In both cases bubbles are typically formed when the resin is mixed.

Then in the case of pressure moulding the resin is poured into the mould and subjected to increased pressure. As your link says.. "The bubbles are collapsed into solution and the result is a bubble free casting". So the gas is still in the resin just not in the form of a visible bubble.

In the case of vacuum casting the resin is degassed before it's put into the mould. During degassing individual bubbles becomes larger which increases their buoyancy so they rise to the surface more easily. Gas dissolved in solution is also removed so there might be more bubbling than you expect..


This does a much better job of articulating what I was trying to say in post #2.
 

Related to Both pressure and vacuum eliminate bubbles ?

What is the difference between pressure and vacuum in eliminating bubbles?

In pressure, the external force is applied to the surface of the liquid, while in vacuum, the external force is taken away from the surface of the liquid. Both methods work to reduce the size and number of bubbles in a liquid, but the mechanism is different.

Why do bubbles form in liquids?

Bubbles form in liquids due to the presence of gas or air trapped in the liquid. This can occur during the production or mixing process, or due to chemical reactions within the liquid. Bubbles can also form due to changes in temperature or pressure.

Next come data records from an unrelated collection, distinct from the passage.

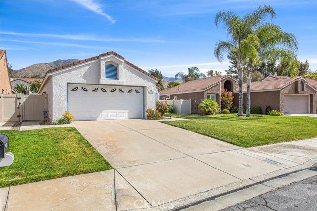 Welcome home. Nestled in the desirable East Highlands Ranch community, well maintained 3 bedroom, 2 bathroom home offers comfort, style, and convenience. Inside is a spacious living and dining area, with a fireplace, perfect for entertaining. The kitchen features modern appliances, granite counters, and a cozy breakfast nook. Outside is a beautifully landscaped backyard with a covered patio, well maintained lawn, fruit bearing trees, retaining wall, planters, wrought iron and vinyl fencing throughout —perfect for relaxing or hosting weekend barbecues. The 2-car garage features built- in cabinetries and a sink by the laundry area. Interior features include high ceiling in living room, tile flooring in key areas, granite counters in kitchen and bathrooms, renovated primary bathroom/shower, energy efficient sliding doors, ceiling fan, and mirrored closet doors. This home has easy access to East Highland Ranch amenities: pools, hiking/ walking trails, lake, picnic areas, sports courts and more. Conveniently near top-rated schools, shopping, dining and freeway access. Come and take this opportunity to make this lovely house your new home.
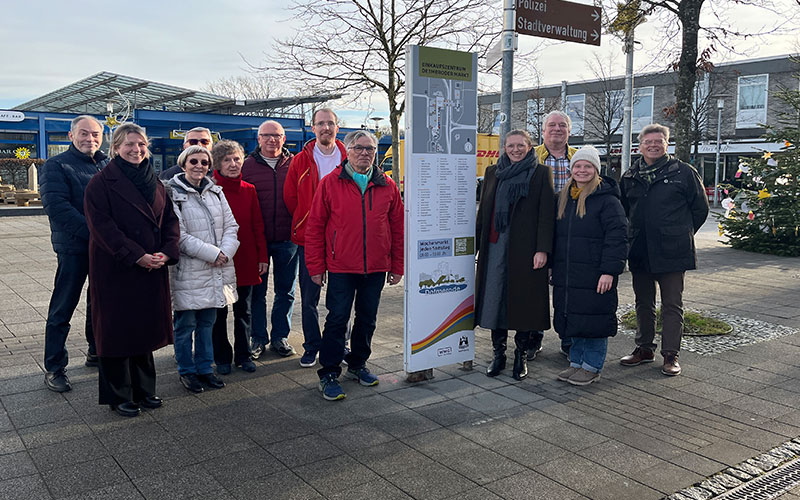 Ab sofort ist die Orientierung am Detmeroder Markt einfacher: Drei neue Informationsstelen dienen der Besucherlenkung und -information. Auf einer übersichtlich gestalteten Karte zeigen sie die genaue Lage der vor Ort ansässigen Geschäfte, gastronomischen Betriebe, Dienstleistungsangebote, Arztpraxen und weiterer Einrichtungen. Die Wolfsburg Wirtschaft und Marketing GmbH (WMG) hat die Aufstellung auf Initiative der örtlichen Gewerbetreibenden gemeinsam mit der Stadtverwaltung und dem Ortsrat Detmerode koordiniert und freut sich über die offizielle Einweihung mit Vertreter*innen des Ortsrates und den Gewerbetreibenden.
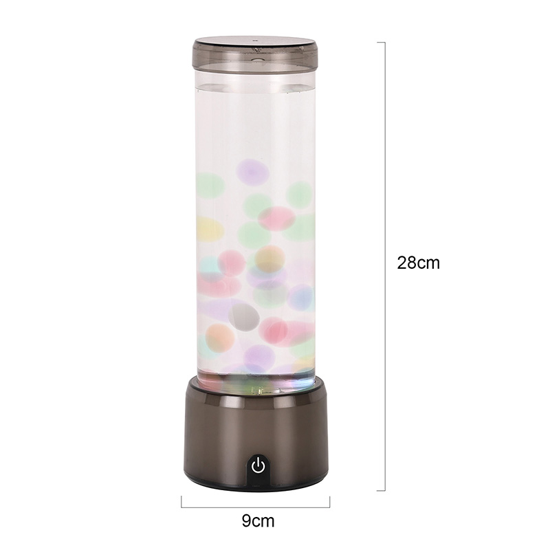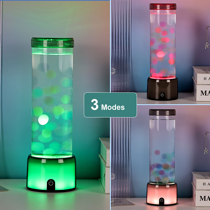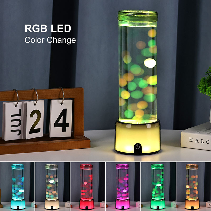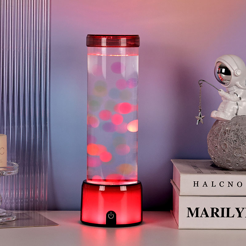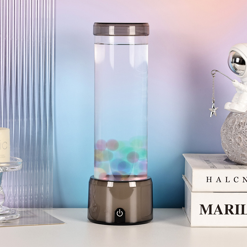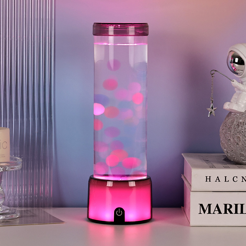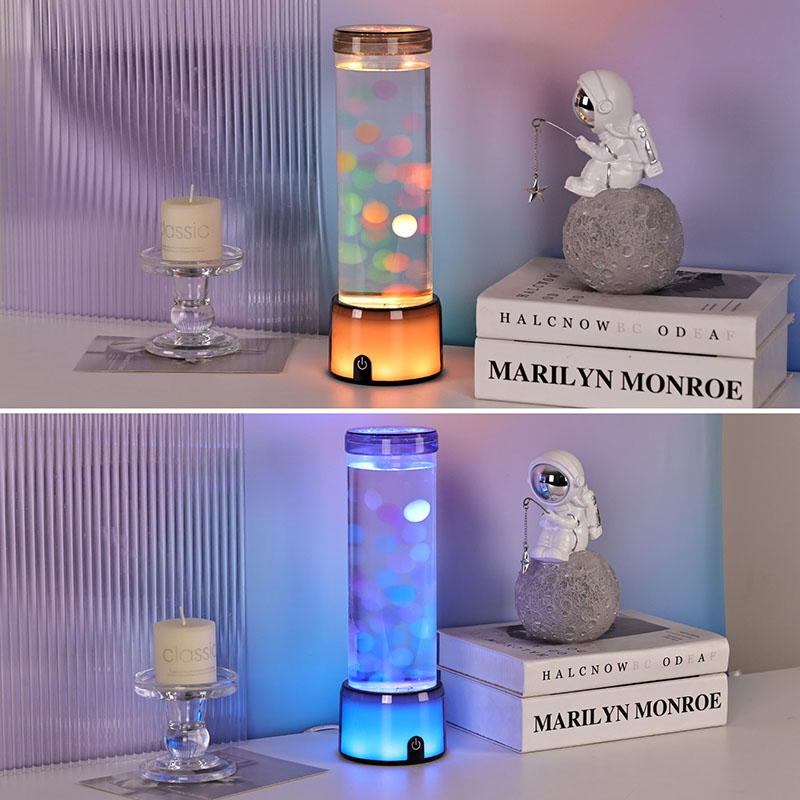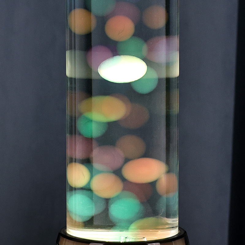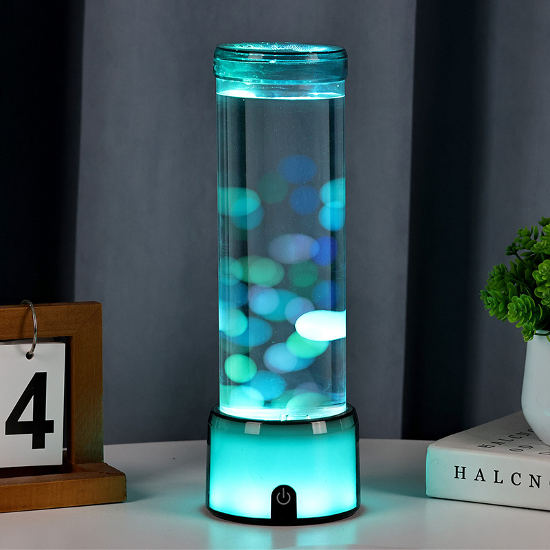 Ang matangkad, eleganteng cylinder na hugis ng lamp ay nagbibigay dito ng moderno, minimalist na hitsura na umaakma sa iba't ibang interior style. Ang transparent na katawan nito ay nagbibigay-daan sa ganap na kakayahang makita ang mga panloob na elemento, kabilang ang lumulutang na dikya at ang kumikinang na mga pagmuni-muni ng liwanag. Ang likido sa loob ay espesyal na binuo upang gayahin ang daloy ng tubig, na nagpapahusay sa pagiging totoo ng lumulutang na paggalaw. Habang nagbabago ang mga kulay ng LED, ang dikya ay lumilitaw na may buhay, nagdaragdag ng lalim at paggalaw sa eksena.

How does pressure eliminate bubbles?

Applying pressure to a liquid forces the bubbles to decrease in size and rise to the surface. This is because the gas or air within the bubble is compressed, making it less buoyant and causing it to rise to the surface. As the bubbles rise, they burst and the gas is released, resulting in a bubble-free liquid.

Can any liquid be treated with pressure or vacuum to eliminate bubbles?

Yes, both pressure and vacuum can be used to eliminate bubbles in any liquid. However, the effectiveness of these methods may vary depending on the viscosity and surface tension of the liquid. Some liquids may require higher pressure or longer exposure to vacuum in order to completely remove bubbles.

Are there any risks or drawbacks to using pressure or vacuum to eliminate bubbles?

Applying pressure or vacuum to a liquid can cause changes in the physical properties of the liquid, such as density and viscosity. This may affect the overall quality of the liquid. Additionally, care must be taken when handling pressurized or vacuum-sealed containers to avoid accidents.